Aortic and pectus excavatum surgery in Marfan patients have been carried out with many surgical techniques and approaches  . The Ravitch and the Nussprocedures are the most common techniques for the treatment of pectus excavatum, they are not simply esthetical and both have advantages and disadvantages: Ravitch technique implies cartilage excision with a greater risk of infection, but, in case of thoracic revision, the metallic bar excision is feasible; Nuss technique is performed usually with shorter times, but emergent resuscitation and bar excision may be more challenging. We chose the former one, as more manageable in case of urgent reaccess to the operative room. Our patient didn’t need any emergent procedure, but a surgical drain had to be put in place, because of a pericardial effusion and it has been managed through a small incision beneath the xiphoid, without any complication. The concomitant treatment of aortic disease and pectus excavatum has become popular in literature, both in pediatric  and adult patients  . Most authors propose the single-time approach as the best, as it allows an early cosmetic result and satisfaction. Besides, at time of sternal closure, a non-repaired pectus may compress the right ventricle with hemodynamic deterioration immediately after surgery  . The simultaneous correction allows a better cardiac and pulmonary function after surgery and allows a better surgical exposition, as well  . On the other hand it prolongs the surgical time and may increase the risk of bleeding and infection. In order to minimize surgical bleeding the thoracic procedure is started after protamin administration; besides, the perichondrium left in place avoids thoracic vessels to be damaged.

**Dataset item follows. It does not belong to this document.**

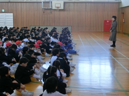 今日の長休みに、避難訓練が行われました。今回は11月以来となる長休みの訓練でした(児童がばらばらなところにいる、今日あることは知らない)。緊急地震速報が鳴り、様々な場所で職員室からの指示を聞き、体育館に避難します。お天気が良かったので外で遊ぶ低学年の子も多かったのですが、長靴を履いたまま上手に体育館に避難してきました。どの子も真剣に取り組むことができました。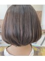 レイヤーボブで内巻きの仕上がりに。アッシュベージュカラーで透明感を。縮毛矯正ストレートでまとまりやすく。

In our case, mammary arteries were spared, so as to allow a better healing of bone and wound. In our experience Ravitch after aortic surgery extends the surgical time, but it presents low risks of acute bleeding or acute early morbidity. The fact of resynthesizing the sternal edges avoids an immediate heart compression and it is an appealing opportunity to the surgeon and to the operative team.